「........何よ」
「答えて、主がへそ曲がりの訳を応えるならば」
「じゃ、いい」
手を止めてこっちを見る吉継を睨み返して、口からボロンと出た言葉は少々労りとか、優しさに欠けた冷たさだった。
最近、何の蟠りもなく吉継の家に行くことができなくなって色々たまっているのだ。もちろん吉継が悪いわけでも大谷先生が悪いわけでもない。さっきのは逆切れと言うわけだ。恥ずかしいやら情けないやら。
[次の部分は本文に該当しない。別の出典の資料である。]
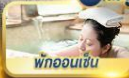
พักผ่อนเซ็น
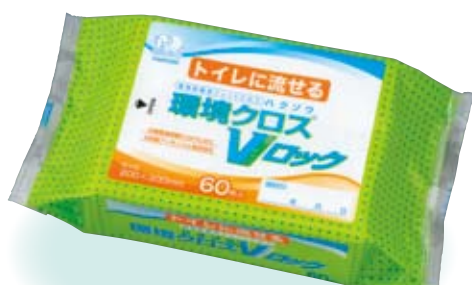
トイレに流せるタイプ(60枚入) (200mm×300mm)
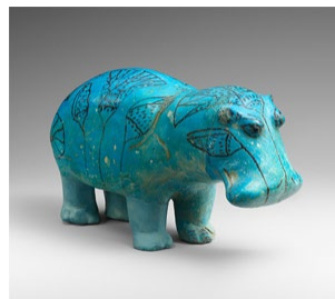
Hippopotamus ("William"), ca. 1961–1878 B.C. From Egypt. Gift of Edward S. Harkness, 1917

カバの像 紀元前1981–前1885年頃 中王国、第12王期初期 Edward S. Harkness 寄贈、1917年
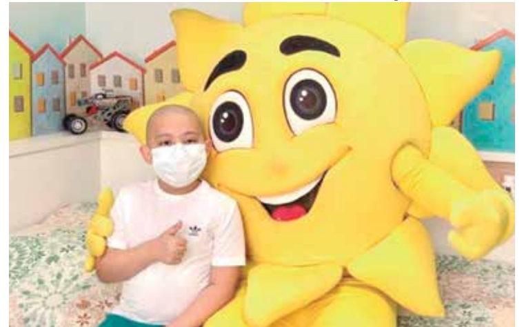
GACC-AM é referência na acolhida das famílias que vêm do interior

O GACC também é contemplado com as parcerias do Governo do Estado do Ama-
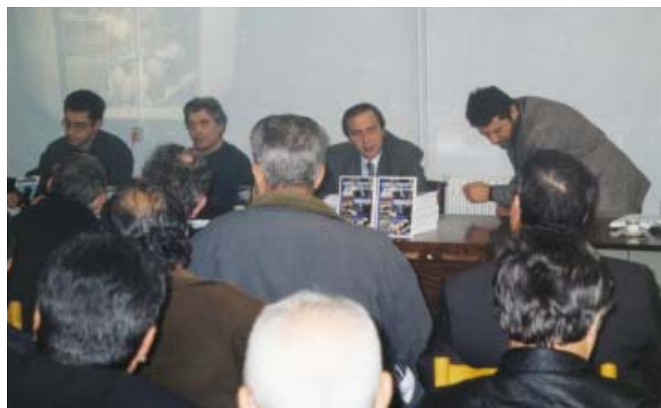
Η Δημοτική Αρχή Τοπείρου έχει ιδιαίτερη ευαισθησία στα θέματα της απασχόλησης των δημοτών της. Για τους αγρότες δημιούργησε έντυπο Οδηγό Αγροτικών Επιδοτήσεων (εδώ, φωτογραφία από την παρουσίασή του) και η Γεωπονική Υπηρεσία ετοιμάζει Γραφείο Αγροτικών Αλλαγών.

Παράλληλα δημιουργεί Γεωπονική υπηρεσία με σκοπό την ενημέρωση και την καθοδήγηση των αγροτών στα νέα δεδομένα και τα συστήματα διαχείρισης & ελέγχου των Κοινοτι-
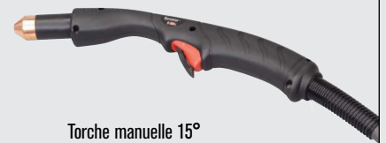
Torche manuelle 15°
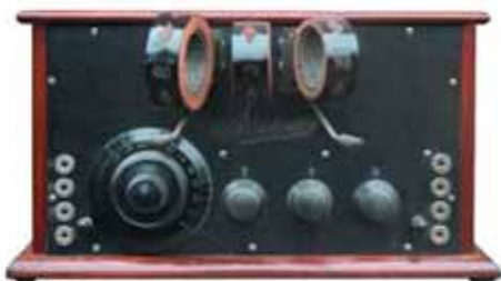
Figuur 9. Minimax O.V.3i uit omstreeks 1926 (foto auteur, collectie Radiotron).

Minimax had zijn basis in Noord-Brabant, aanvankelijk (vanaf 1924) in Beek en Donk en vanaf 1929 in Veghel. Veel van de naar schatting 180 ingeleverde toestellen waren dan ook afkomstig uit deze gemeenten (26 resp. 28 stuks). Buiten Noord-Brabant werd
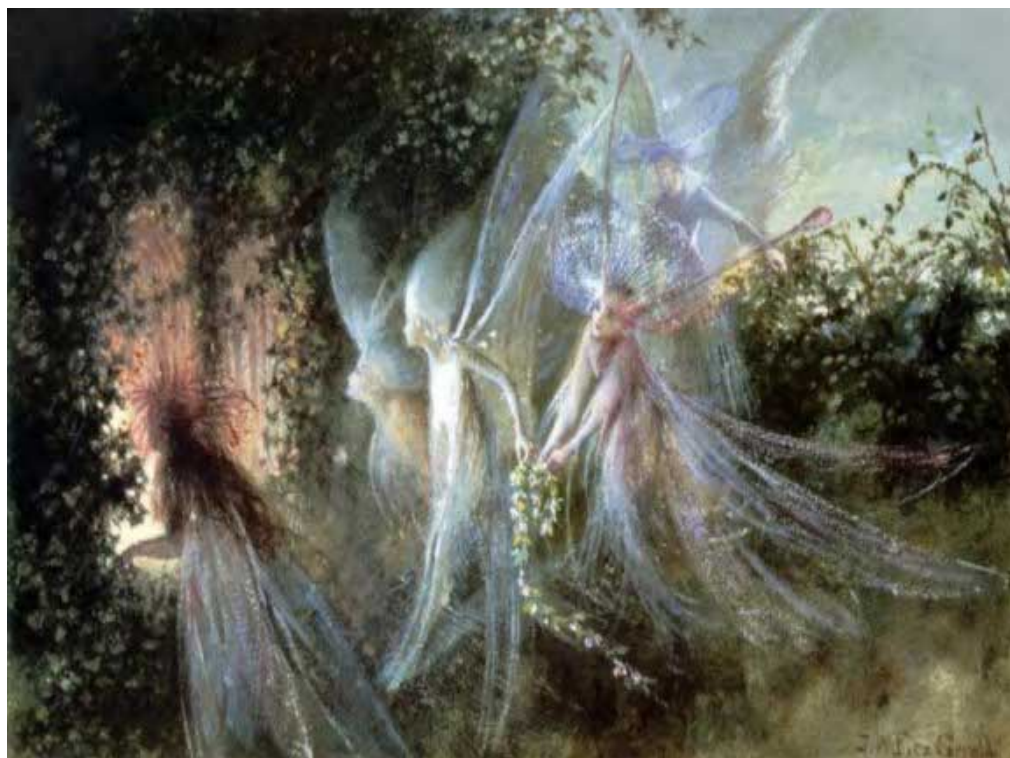
ДЖОН АНСТЕР ФИЦДЖЕРАЛЬД. «ФЕИ У ОКНА»
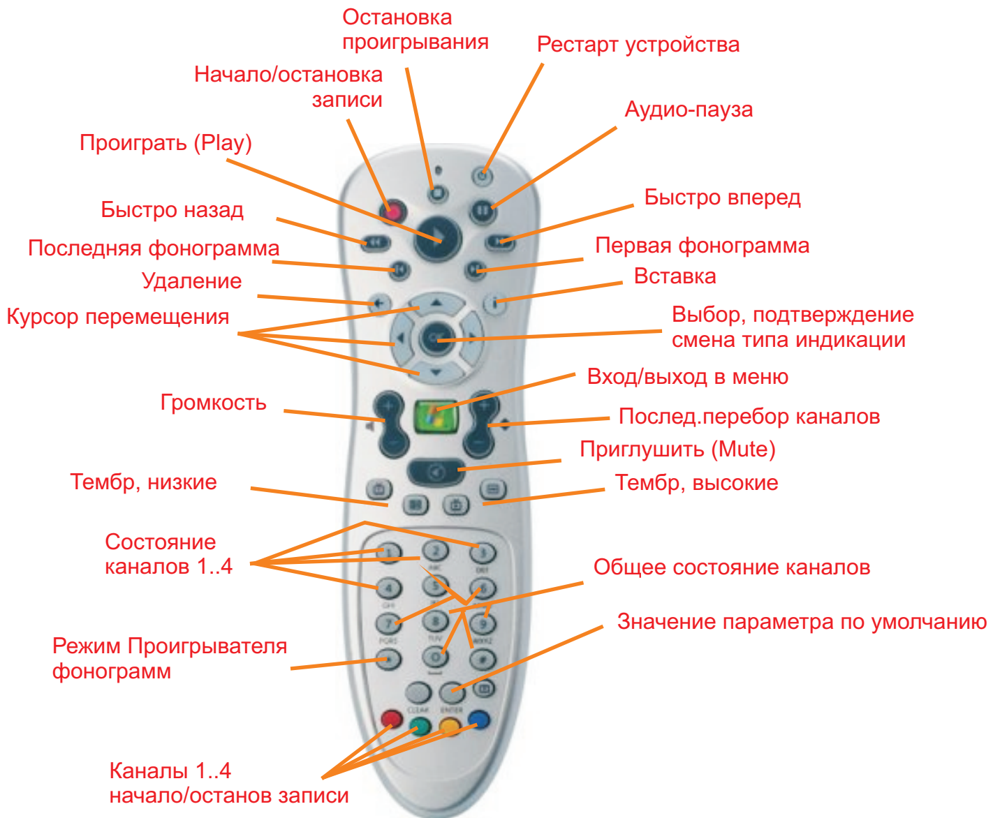
Стандартный ИК пульт управления Microsoft (протокол RC-6)
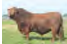
Alemán, hno materno
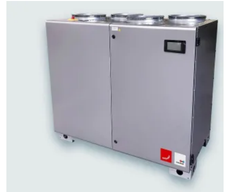
Lüftungsgeräte Zehnder Silvertop

Die EUROVENT-zertifizierten Lüftungsgeräte sind aufgrund der oben angeordneten Kanalstutzen sehr platzsparend installierbar und bieten eine Vielzahl an Geräteoptionen. Dadurch eignen sich die Lüftungsgeräte für unterschiedlichste Anwendungen wie Verkaufsräume, Schulen, Kitas, Büros, Arztpraxen usw. Die integrierte Regelung wird abhängig von der bestellten Gerätevariante im Werk parametrisiert. Schnittstellen in die Gebäudeleittechnik (Modbus, BACnet und WEB) sind als Standard enthalten. Mit dem modulierenden Bypass kann der Wärmetauscher für den Frostschutz oder für die freie Kühlung umgangen werden.
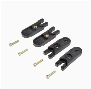
外部取り付けラグ 4 パーツセット
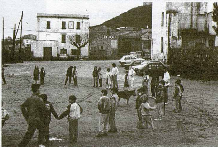
Grup de l'esplai jugant a la plaça St. Jordi 1987.

La cosa més divertida que jo recordo, no sé si es pot dir divertida, va ser quan vaig tornar malalta quan estava de campaments.
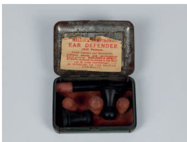
Bouchons d'oreilles, 1916, Royaume-Uni, collection Historial de la Grande Guerre
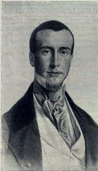
Egykorú képe a társai.

Az intendánságról való lemondása után az Adria biztosító-társaság magyarországi osztályának igazgatója lett, a mellett folytatva munkásságát a közmunkatársaságban s a képviselőházban is. A parlamentben nemcsak a legérgebb, hanem a legnépszerűbb tagok egyike is. Bár nem tartozott soha a gyakori és szapora beszédű szónokok közé, felszólalásait mindig józan ítélet, tárgyismeret jellemezte. Újabb időben már igen ritkán hallatja szavát a házában, de azért pontos látogatója az üléseknek. A szabadelvűpártiak, már évek sora óta elnöke s az a köztisztelő és népszerűség, melyet hosszú élete alatt szerzett, nem egy nehéz pillanatban vált a pártiak nagy hasznára. A mi sajtószereplésünkön közt gyorsan megörömlőnek az emberek, idő előtt; Podmaniczky mind mostanáig érintetlen maradt, megvédte őt a legrosszabb vértézet: kortársainak szeretete és tisztelése.
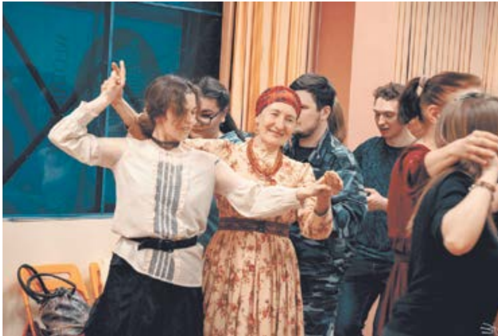
Русские хороводные танцы.
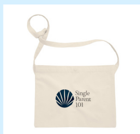
サコッシュ ¥2,838 (税込)
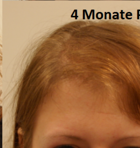
4 Monate Post OP

Subject: Aw: 4 Monate Post OP Hattingen für Frauen Posted by Nicolai on Wed, 27 Jul 2011 17:08:27 GMT View Forum Message <> Reply to Message
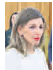
Yolanda Díaz MINISTRA DE TRABAJO
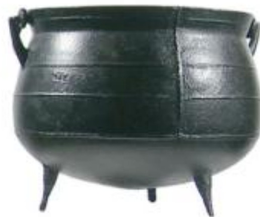
Абрахам Дербі, Казан

До початку промислової революції все робили ремісники. Всі вироби мали схожий дизайн, але кожний чимось відрізнявся.
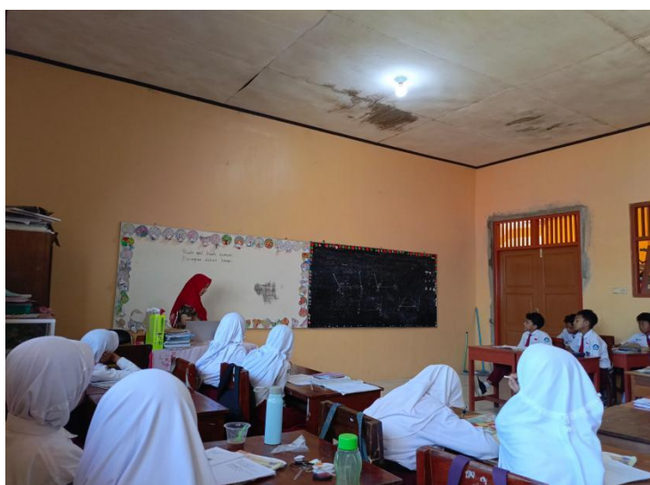
Gambar 2. Kegiatan pembelajaran di kelas VA

Peserta didik kelas VA itu sendiri ada beberapa yang belum menguasai keterampilan membaca dan menulis, sehingga guru harus memberikan perhatian khusus. Selain itu siswa juga belum menguasai kosakata Bahasa Indonesia yang baik dan benar. Permasalahan tersebut terjadi karena kurangnya latihan siswa untuk meningkatkan keterampilan membaca, menulis, serta menguasai kosakata bahasa Indonesia yang baik dan benar. Upaya yang telah dilakukan guru untuk mengatasi permasalahan tersebut adalah memberikan tambahan jam untuk belajar membaca dan menulis, dan itu juga menyesuaikan waktu kosong yang dimiliki oleh guru. Gambar berikut menunjukkan kegiatan pembelajaran di kelas VA:
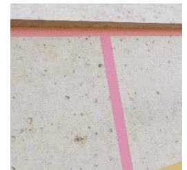
Widok prawidłowo zabezpieczonej dylatacji poziomej i pionowej w ścianie

Więcej informacji dotyczących zastosowań i instrukcji aplikacji można znaleźć pod adresem:
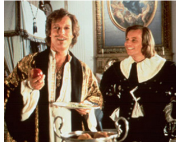
1989 LE RETOUR DES MOUSQUETAIRES de Richard Lester avec Richard Chamberlain
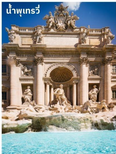
น้ำพุเทรวิ

จากนั้นนำท่านถ่ายรูปด้านหน้าของ สนามกีฬาโคลอสเซียม (Colosseum) เป็น 1 ใน 7 สิ่งมหัศจรรย์ของโลกยุคโบราณ ในอดีตนั้นเป็นสนามประลองการต่อสู้ที่ยิ่งใหญ่ของชาวโรมันที่สามารถจุผู้ชมได้ถึง 50,000 คน จากนั้นนำท่านชมงานประติมากรรมของเทพนิยายกรีกและโยนเหรียญลูอิซฐานบริเวณ น้ำพุเทรวิ (Trevi Fountain) สัญลักษณ์ของกรุงโรมที่โด่งดัง จากนั้นอิสระตามอัธยาศัยกับการเลือกซื้อสินค้าแฟชั่นและของที่ระลึกในบริเวณย่าน บันไดสเปน (The Spanish Step) ซึ่งเป็นแหล่งแฟชั่นชั้นนำสุดหรูและยังเป็นแหล่งนัดพบของชาวอิตาลี
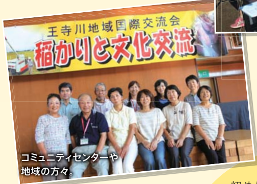
王寺川地域国際交流会 稲刈りと文化交流
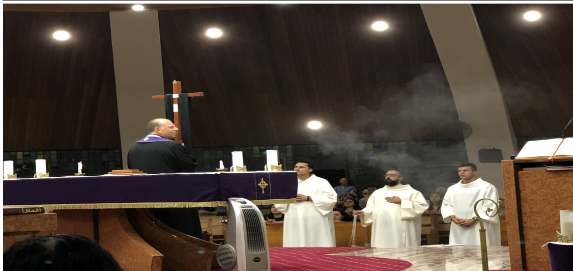
Stations & Adoration of The Cross
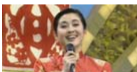
组图:历届春晚的女主持
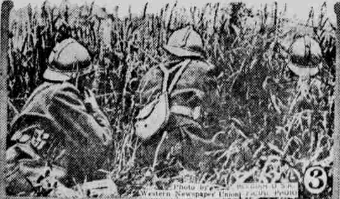
1.—Pozoruhodná fotografie míny, vybuchnuší pod železničním mostem, v části fronty, udržované Američany. 2.—Skupina obyvatel z Ecourt—St. Quentin, shromážděných v Arrasu, po svém vysvobození z německého jáma. 3.—Belgičtí vojáci, plazící se k německým liniím.

jatých a 23,000 zanechaných v nemocnicích. Dne 19. října o poledních spojení vítězně vstoupili do města.
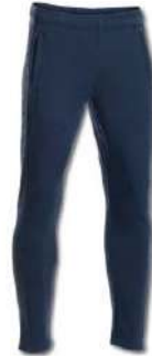
251 LIGHT MELANGE

適当に入れた熱いお茶を啜って、息を吐く。パソコンに向かっている吉継の目がこっちに向くことはない。
「しばらく、さ、ここ来れないから、」
告げられた言葉にガチリと固まる吉継。大谷先生の美しい文章にずらずらと「N」が並んだ。
「我が粗相でもしたか」
「違うわよ、そんなんじゃない、け、ど...........」
言いづらい。まぁ、彼氏に相談する出来事ではあるけれど、仕事上の相棒とか、大先生とか、そういう立場の大谷吉継にこの話をしていいのか、少し迷う。
「つけ、られてるっぽい、ん、のよね」
ぽい、なんて嘘だ。つけられてる。絶対に。他にも盗撮だの無言電話などの、よくあるストーカー被害を受け心身ともに疲労度が振り切れそうなのだ。吉継を見れば、小説の続きが一文字すら浮かんでこないと言わんばかりの、苦虫を噛み潰したような顔をしていた。
「主の色香に惑うものが我の他にもおったか」
「何それD専宣言? ちょっと待ってて六法全書持ってくる」
「主は本に、ああマテさすがに首が折れる」
あ* * *
それから数日たって、本格的に足音が聞こえるようになった。ああもう、ぶん殴りたい。でも殴ったら
暴行罪、よくて過剰防衛。からの裁判沙汰、からの仕事不可能。最悪だ。
カツカツカツカツカツカツカツカツカツカツカツカツ
ザリッザッザガッ、ザッ、リッザッザリッ、ザッザリッザッザリッザッ
「いい加減、殺ろうかしら」
いい加減我慢の限界である。古人も言ってたではないか、「やられる前に殺れ」と歩幅を緩め、少しずつゆっくり後ろの方へ近づいていく。振り向きざまに顎を狙えば行ける。金的は激昂する可能性があるって聞いたことがあるから、確実に一撃必殺を狙わなければ.........
「血気盛んな主に、矮小な我が近づくは危険か?」
「!?」
後ろから聞こえた、というか、足音の主が射程範囲に入った所で聞こえたのはまさかの声だった。掴まれた手が適当に組まれて再び歩き出す速度は遅い。そう言えばさっきの足音は少し不安定だった気がした。何故杖ついてない。
「陰で老人と間違われてはかなわぬゆえ」
「へ」
言った言葉の意味は分からないけれど、絶対辛いでしょこれ。飛びついて支えれば小さく息を吐く音、やっぱり辛いんじゃないか。注意の一つでもしようと口を開けば、その口は思いっきり吉継の肩に押し付けられた。
「ん、んんっ、んーっ!」
少し離れた所で人の動く音がする。離されて、薄暗い蛍光灯に照らされた顔は何とも、悪だくみをした子供みたいな顔をしている。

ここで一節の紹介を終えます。